The Lenzburg prison in Switzerland. (Wikimedia Commons)
By Dénes Albert
2 Min Read

Last year, two-thirds of inmates in Swiss prisons were foreign nationals, data from the Swiss Federal Statistical Office showed. A similar trend is present in a range of countries across Europe, including neighboring Austria and Italy.

Algerian nationals were by far the most numerous among foreigners in Swiss prisons (470), followed by Romanians 290), French (241), Eritreans (237) and Italians (235).

Prison inmates in Switzerland by nationality in 2020. (Swiss Federal Statistics Office)

In terms of prison sentences per 1,000 residents, Algerians were ten times as likely to be in prison than Swiss nationals, with 3.91 incarcerations versus 0.39 incarcerations. Other nationals with high criminal incidence were Eritreans (1.93), Moroccans (2.63) and Albanians (2.44).

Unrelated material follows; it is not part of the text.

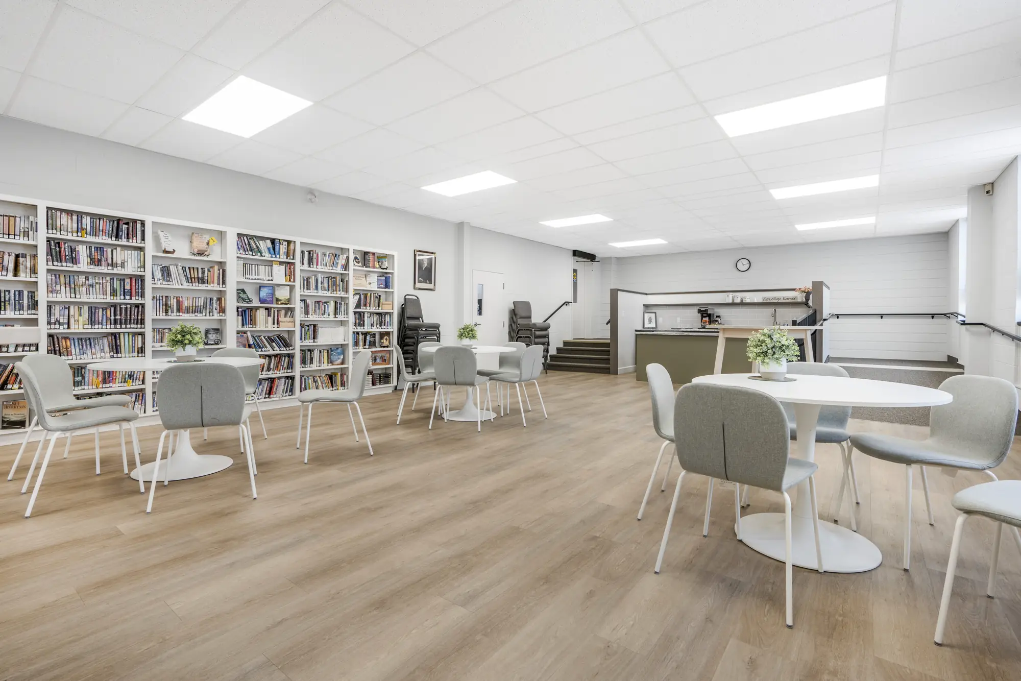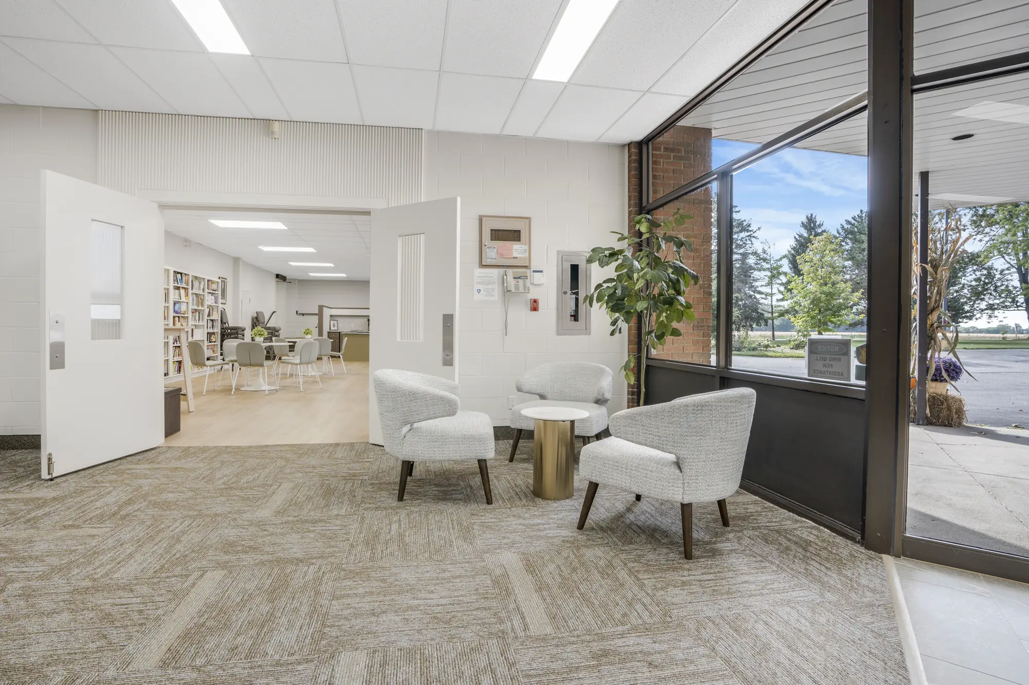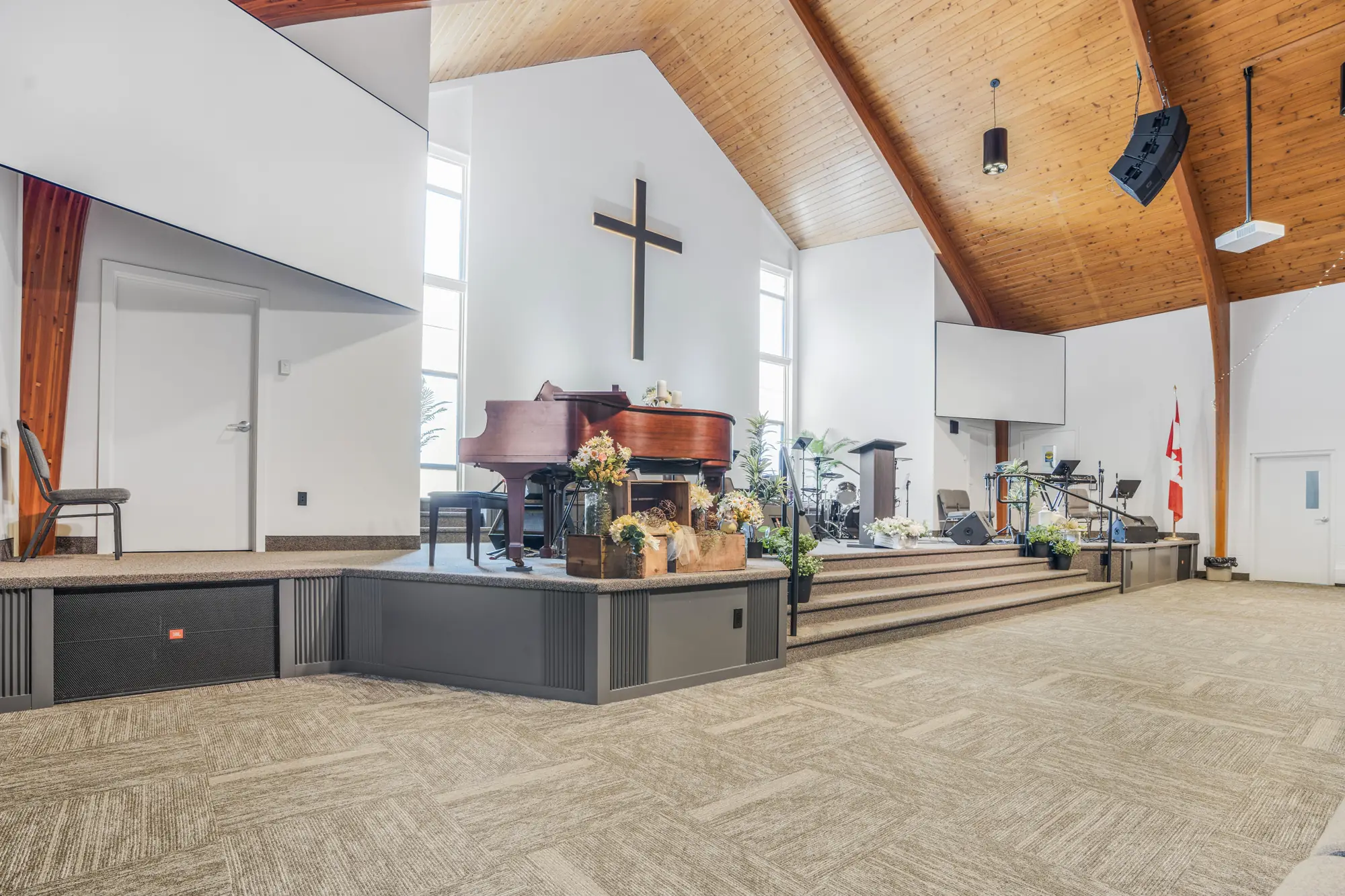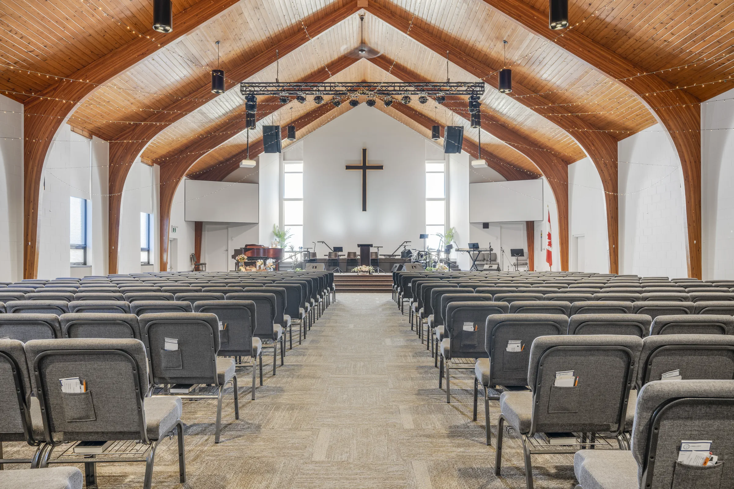 EFA achieved this through strategic interior renovation: restoring the sanctuary’s architectural integrity and converting under-utilized spaces into a warm, inviting communal area. Inclusive design was at the forefront, including an accessible ramp for stage access and baptismal tank viewing.

Italy: 32 percent of imprisoned foreigners

Foreign nationals in Italian prisons were also overrepresented with 32 percent. At the end of October 2021, Italin prisons held 54,307 inmates, of which 17,315 were foreigners. In certain prisons, the ratio of foreign nationals was as high as 78 percent.

Italian data also showed that 80 percent of foreign inmates were illegal immigrants. Last year, 67,040 immigrants came to Italy, twice as many as in 2020 (34,154) and six times as many as in 2019 (11,471).